Joshua T. Cohen, a research associate professor of medicine at Tufts Medical Center, worries about another potential pitfall for doctors: Bundled payments may penalize physicians for events that are beyond their control. For example, patients may experience serious complications from drugs in ways that a provider could not have foreseen. Nor can patient compliance with diet, exercise or medication be fully controlled by physicians.
Still, though data is limited, there are some early indications that value-based programs will deliver in the long run. Researchers who examined data from nearly 3,000 hospitals between 2008 and 2015 — on heart attacks, heart failure and pneumonia — found that the hospitals that simultaneously engaged in meaningful use, bundled payments and accountable care organizations, saw their annual 30-day readmission rates decline by 2.9%, which translated to a $32 million cost savings in 2015.
If robust data continue to show value in coordinated patient care strategies, pressure from payers and patients will likely propel such programs forward, regardless of the political climate.
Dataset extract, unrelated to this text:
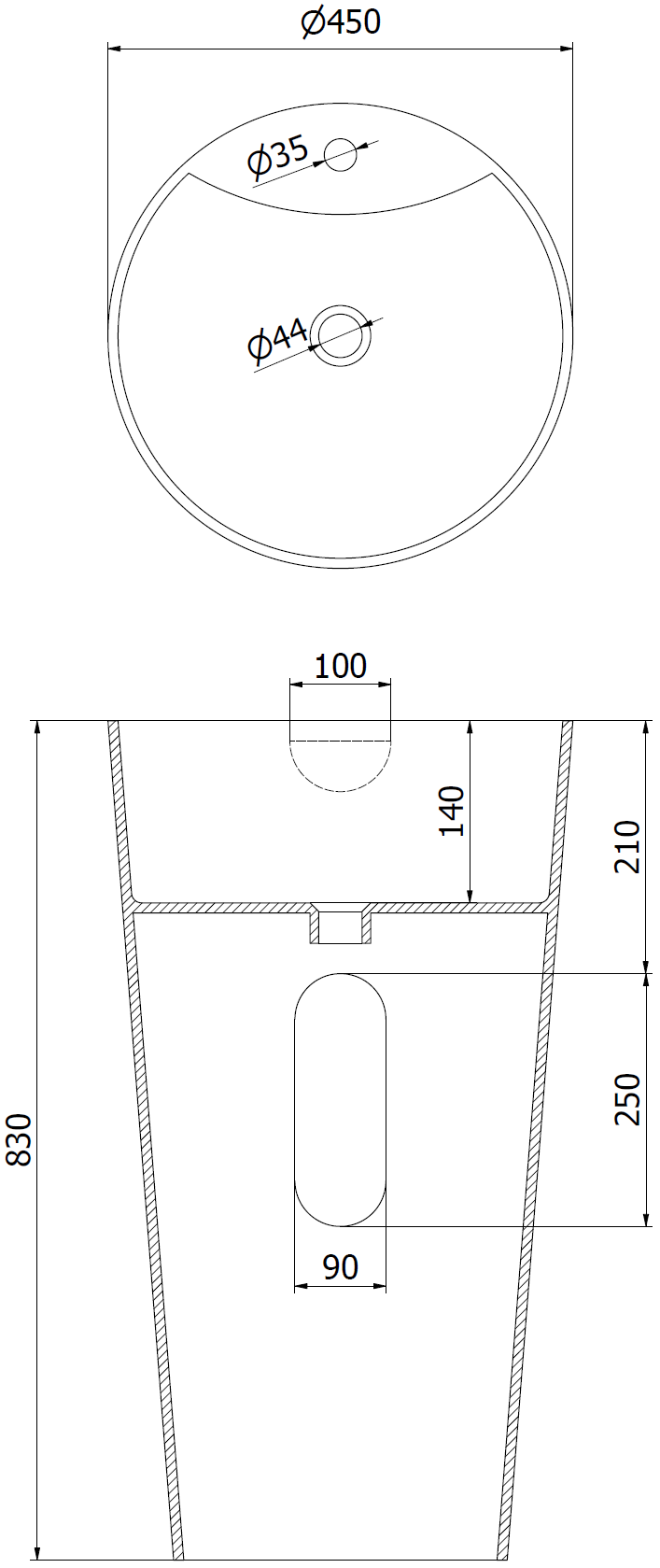 Die Spüle hat ein Loch, in dem wir die Batterie montieren können. Dies spart einen wertvollen Raum im Badezimmer und betont seine Ästhetik. Mit dieser Lösung können Sie auch einfach um die Spüle sauber bleiben.

That, in turn, would intensify the need for clear and efficient communication between and among all types of physicians and specialists. It’s a scenario in which scribes can play a crucial role by, among other things, helping to facilitate and record needed detailed documentation and by providing a reliable communication conduit among providers whose profits will depend in part on clear and efficient coordination.